I chuckled to myself and shook my head, then stepped around the rock once more to see Jun lying flat on the ground in the middle of the oil slick. “I haven’t seen you completely out of battery since the eel almost killed both of us.”
“Ugh, don’t remind me.” She groaned, turning her head to the side and shimmying out of the oil. I knew how difficult it was to move with unpowered armor, but when I tried to extend a helping hand, Jun shook her head and brushed me off. “I need to get used to this. Just in case it happens during a fight.”
“No point to that.” I said, slowly walking out of the range of the oil’s furthest reaches while Jun shimmied along. “If it happens during a fight, you’re better off completely removing it and hoping that you stay alive long enough to re-equip it. It does literally nothing for you if your battery’s empty.”
Jun sighed and sat up, dismissing the top half of her armor the moment it was out of the oil. “Speaking from experience again?” She asked and reached out a hand for me to grab.

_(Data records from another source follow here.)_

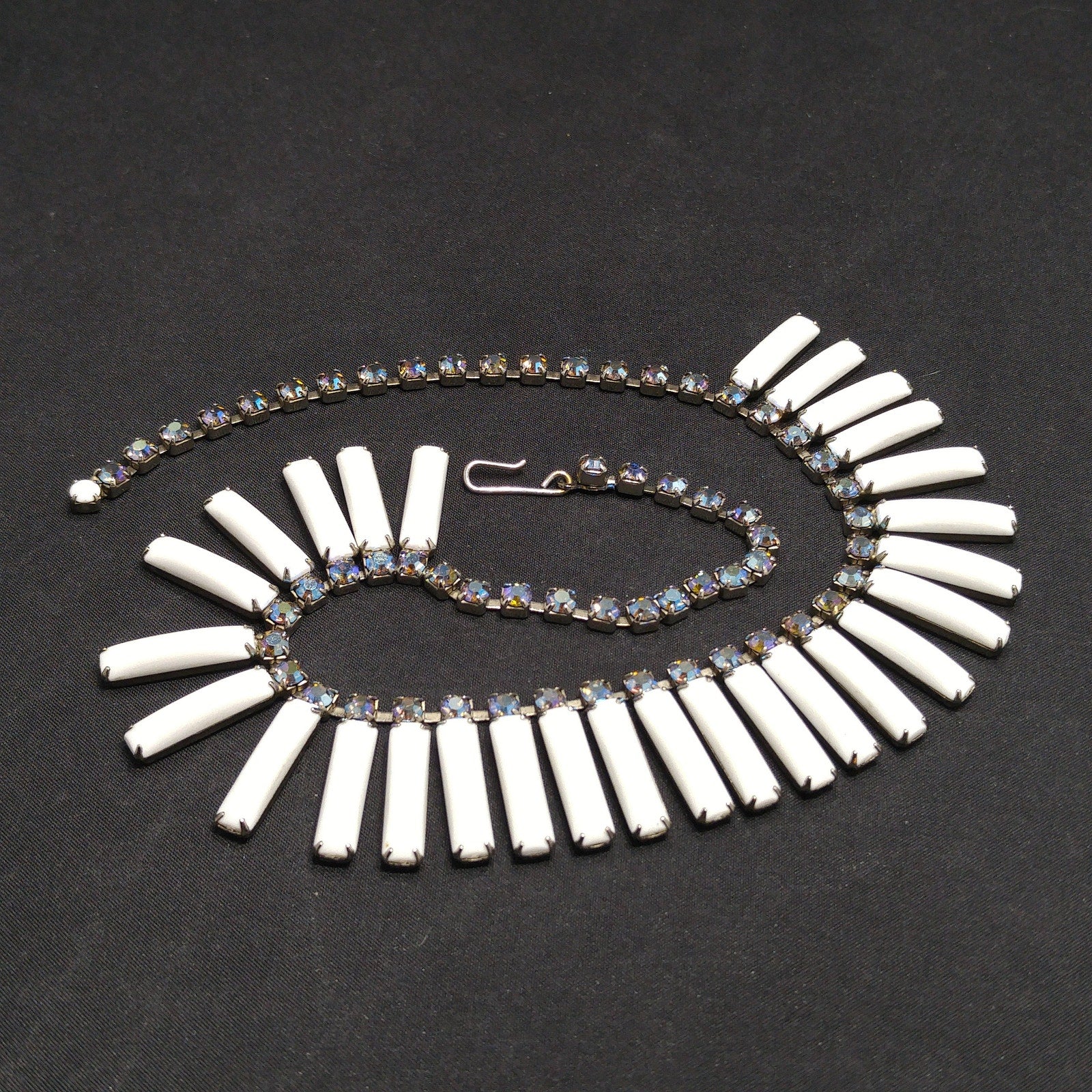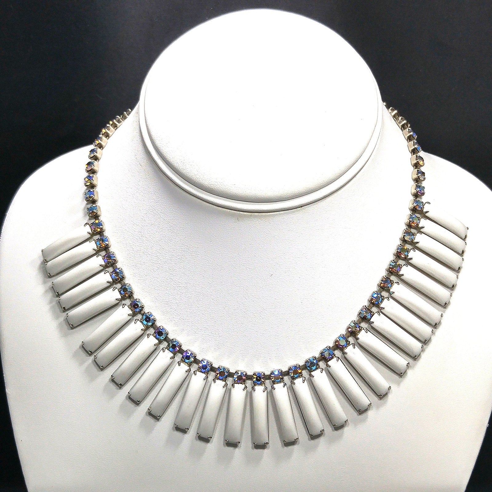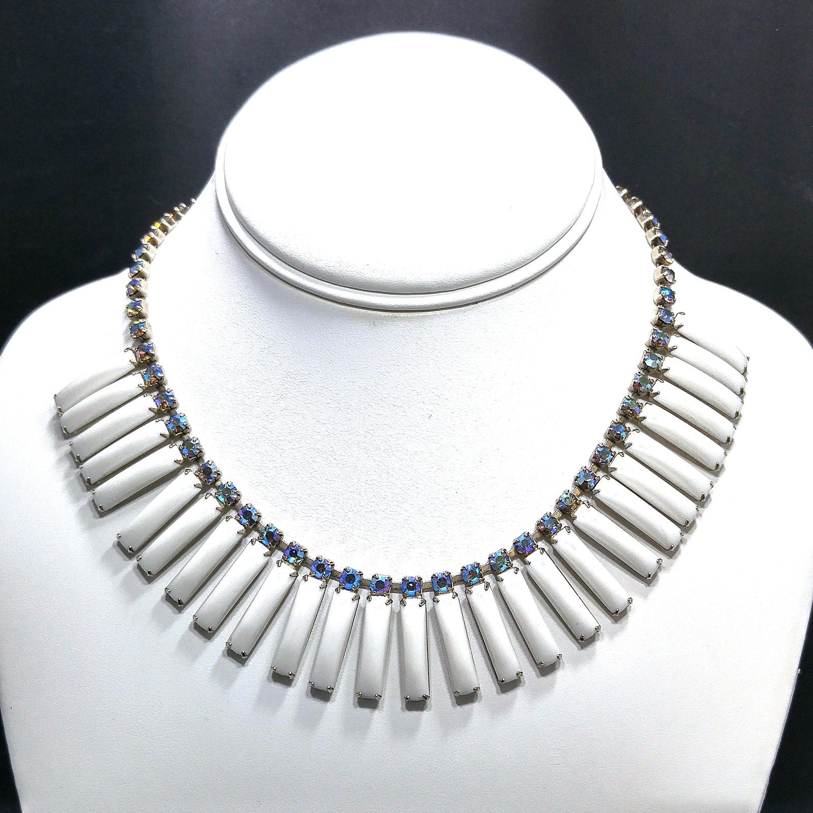 White Lucite Blue Aurora Borealis Rhinestones Necklace, Egyptian Revival Mid-Century, 1960s Vintage Jewelry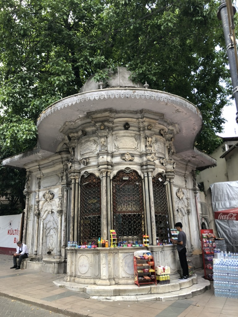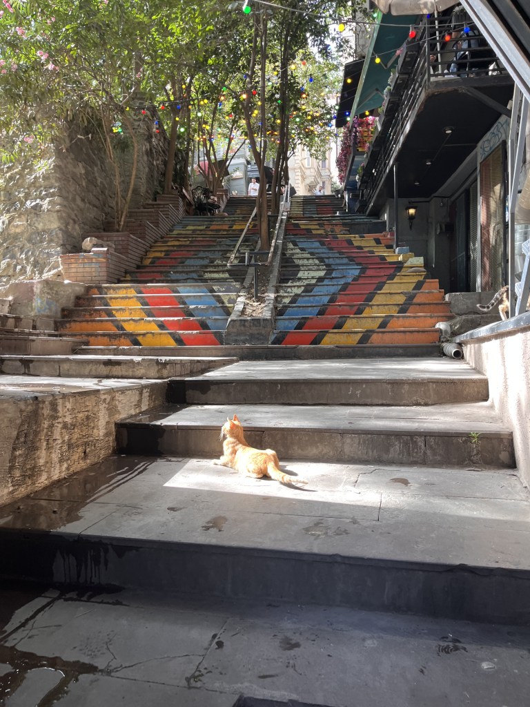 Pour débuter cette journée, nous avons marché dans un coin du quartier Beyoglu que nous n’avions pas encore arpenté. À notre arrivée dans les rues plus touristiques, on constate qu’il y a des policiers partout. Certaines artères sont barrées par des clôtures de métal. On se demande bien ce qui se passe. Un événement?! Après quelques recherches, on apprend qu’une parade de la fierté LGBTQ+ est prévue, mais que c’est formellement interdit par le gouvernement turc, donc la police est là pour surveiller et empêcher que ça se produise. Allo les droits et libertés… Finalement il y aura eu une courte parade de 10 minutes avant qu’elle soit réprimée.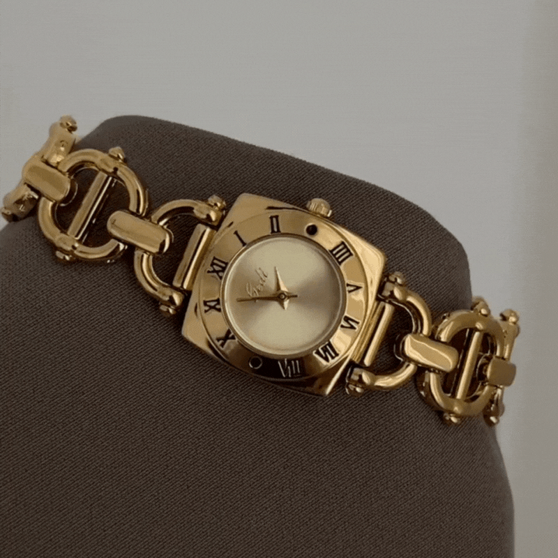 Denna damkvartsklocka kombinerar en rund romersk siffra med en geometriskt fyrkantigt guldfärgat fodral, allt förankrat av en raffinerad guldfärgat armband med kedjelänkarDesignen med blandade former framkallar tidlös sofistikering med en arkitektonisk touch – perfekt för dig som älskar tradition i en nytolkning.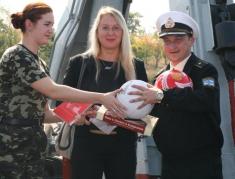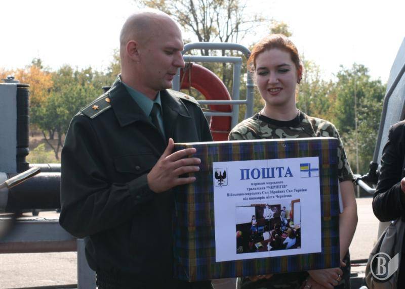 Учнівські листи, шахово-шашкові набори, книги, волейбольні та футбольні м’ячі на корабель привезли чернігівські журналісти: творчий колектив військової телепередачі обласного телебачення «Армійська кухня» Наталя та Андрій Кузьменки і кореспондент газети «Чернігівські відомості» Інга Вітковська.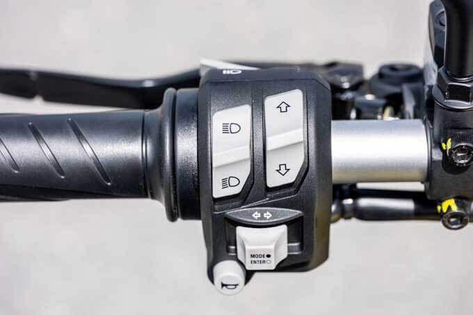 走行距離の表示やモード選択まで含めてディスプレイの操作は左手スイッチボタンに集約。バイクが動いている時は操作できない安全機能も搭載されている。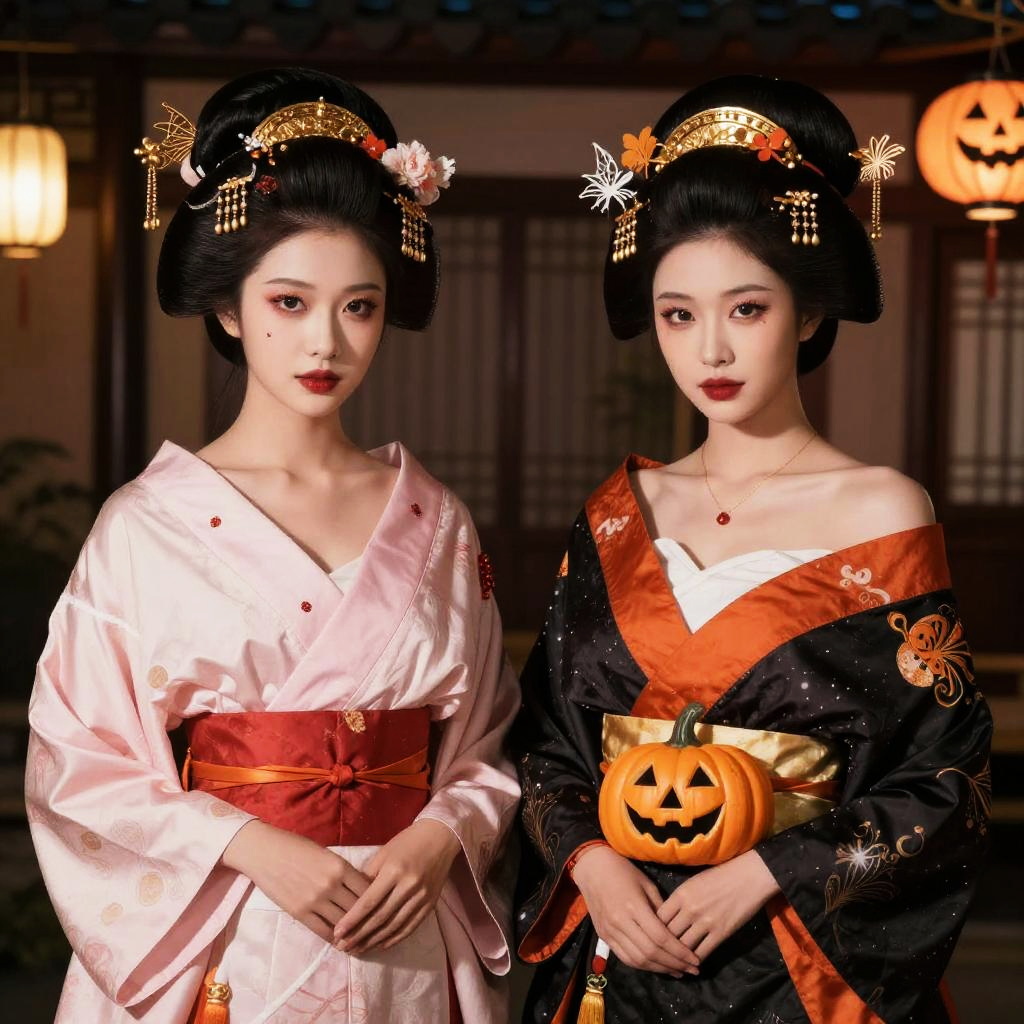 RAW, Professional Portrait, [ Alex Newell | Tiffany Mynx ], Halloween geisha costume, perfect composition, high detail, hyper realistic, extremely detailed
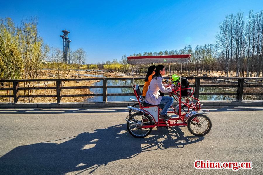 Olympic Forest Park is located to the north of the 'Bird's Nest' and 'Water Cube.' Shrouded in trees, reeds and grass and spotted with ponds, the 11.5-square-kilometer Olympic National Forest Park has become a popular destination for tourists to inhale some fresh air in Beijing. [China.org.cn/Photo by Feng Jun]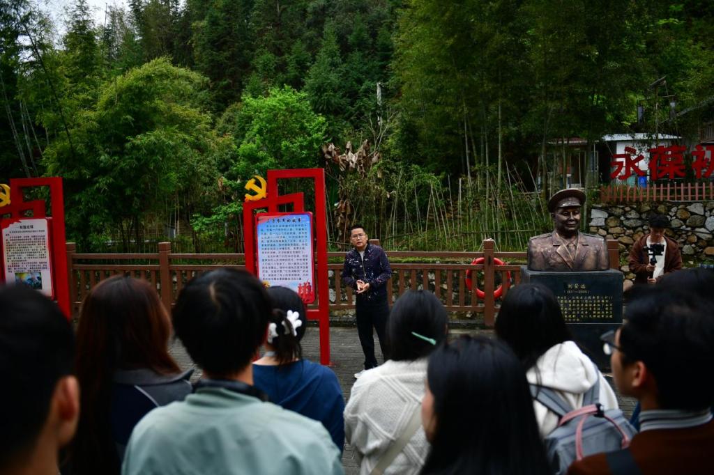 行走在古道之间,师生们在聆听与感悟中深化对革命精神的理解。大家深刻认识到,革命精神的传承从不在于空谈,而在于躬身践行、薪火相继。“脚下的每一块青石板都曾留下革命先辈的坚定步履,身边的每一片山林都曾回荡着革命战士的奋进呐喊,这些鲜活的红色记忆,既是犹崇古道的宝贵财富,更是我们赓续红色血脉、汲取奋进力量的生动教材。”实践队队员、汉教 242 班张汝秋感慨道。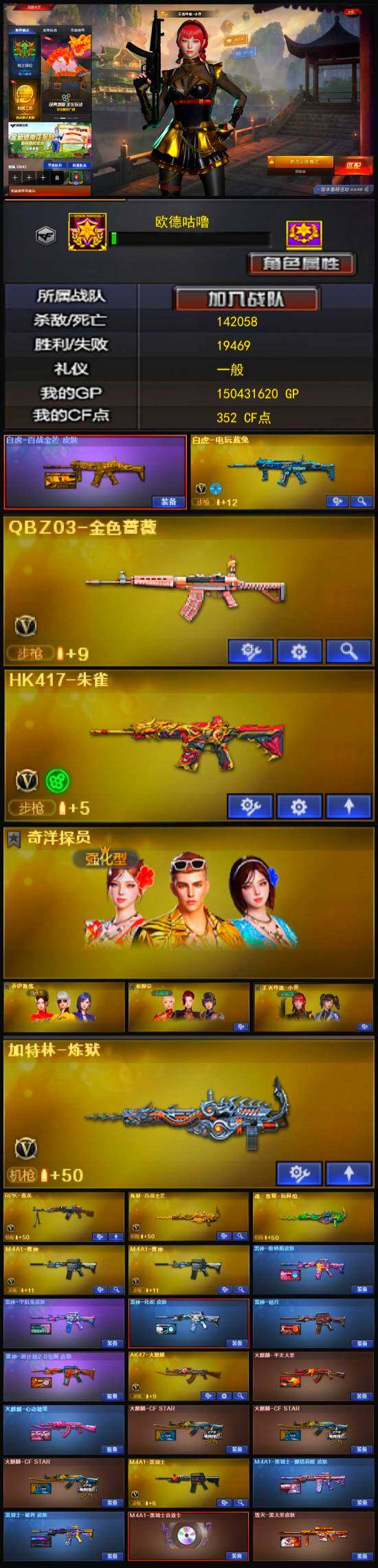 【热门武器】:QBZ03-金色蔷薇,HK417-朱雀,金色蔷薇-古蛇迷踪,修罗-古蛇迷踪,白虎-电玩蓝兔,M4A1-黑骑士,RPK-盘龙,加特林-炼狱,沙鹰-修罗*5
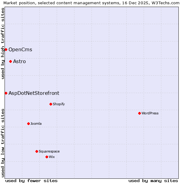 TechnologiesContent ManagementServer-side Languages Client-side Languages JavaScript Libraries CSS Frameworks Web Servers Web Panels Operating Systems Web Hosting Data Centers Reverse Proxies DNS Servers Email Servers SSL Certificate Authorities Content Delivery Traffic Analysis Tools Advertising Networks Tag Managers Social Widgets Site Elements Structured Data Markup Languages Character Encodings Image File Formats Top Level Domains Server Locations Content Languages | Technologies > Content Management > Technology usage comparison Comparison of the usage statistics of Astro vs. AspDotNetStorefront vs. OpenCms for websitesThis report shows the usage statistics of Astro vs. AspDotNetStorefront vs. OpenCms as content management system on the web. See technologies overview for explanations on the methodologies used in the surveys. Our reports are updated daily. Usage and market shareThis diagram shows the percentages of websites using the selected technologies. How to read the diagram: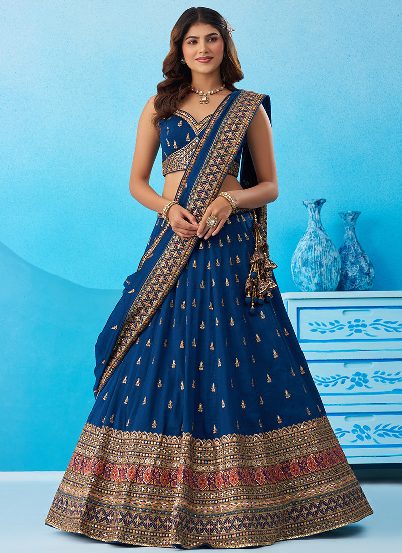 Navy Blue Chinon Sequins Work Occasional Wear Lehenga Choli SW618465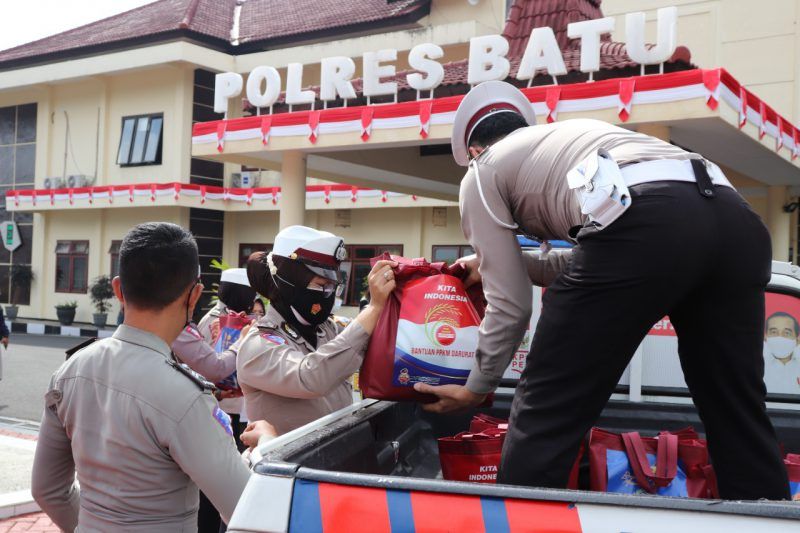 POLRI PKKM Darurat, Bersama Dandim 0817, Kapolres Gresik Beri Bantuan ke Warga Terdampak COVID-19 11 Juli 2021
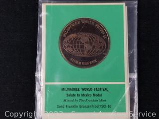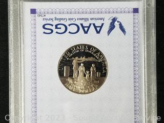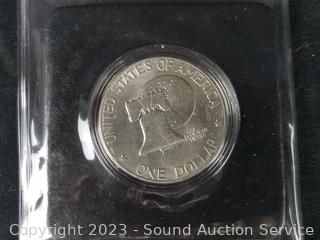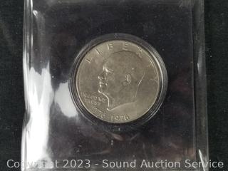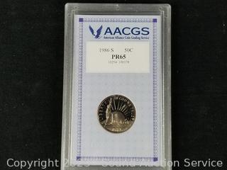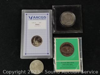 Graded 1986S Liberty Half Dollar PR65, Bicentennial 1776-1976 Eisenhower dollar, Golden Dollar $1 gaming token, Milwaukee World Festival medallion. ATTN: We are not coin or currency experts or graders, please use your own judgement when bidding.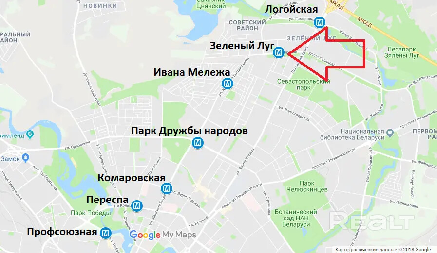 Объект расположен в первой линии улицы, возле будущей станции метро Зеленый Луг.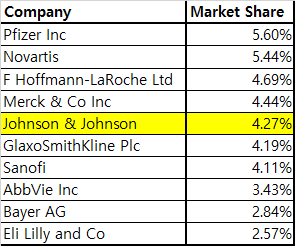 의외로 4~5% 대에 조밀하게 몰려있다. Sanofi 까지 합해봐야 32.74% 정도 나온다.
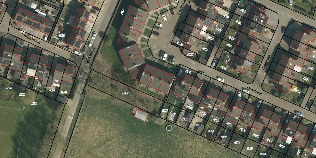 Het perceel waarop Omstraat 36 staat heeft een oppervlakte van 2700 m². Dit is een zeer groot perceel. De perceeloppervlakte wordt geregistreerd door het Kadaster. Gedetailleerde informatie over de maten van dit perceel kunt u vinden in het rapport Kadastrale kaart met maatvoering van Omstraat 36.

“Yup.” I confirmed, pulling her up and out of the oil. She dismissed the lower half of her armor next, shivering as the wind blew through her strange pink-white hair. “Not a fun story to tell, and I’ve got an unfortunate amount of them. Fighting for your life tends to make you forget about the other things that could end up killing you.”
I stood there in silence next to Jun while she stared at me in what I could only assume was pity. So I cleared my throat and changed the subject. “How much longer until you have enough battery to go back to work?”
“Ten minutes.” Jun said flatly and without consulting her interface. She crossed her arms and leaned closer to me, then tilted her neck towards the far side of the boat. “Let's get as far away from Okeria as we can. We need to talk about something I just remembered.”
“Sure.” I said warily, following Jun as she made her way past the rock. She walked briskly and with purpose, as if our destination was far more important than another part of the boat’s flat top. “What did you just remember?”
She turned to look at me without stopping. And for the first time since I’d met Jun, I saw distrust in her eyes. “When you killed the eel, something talked to me through my interface.”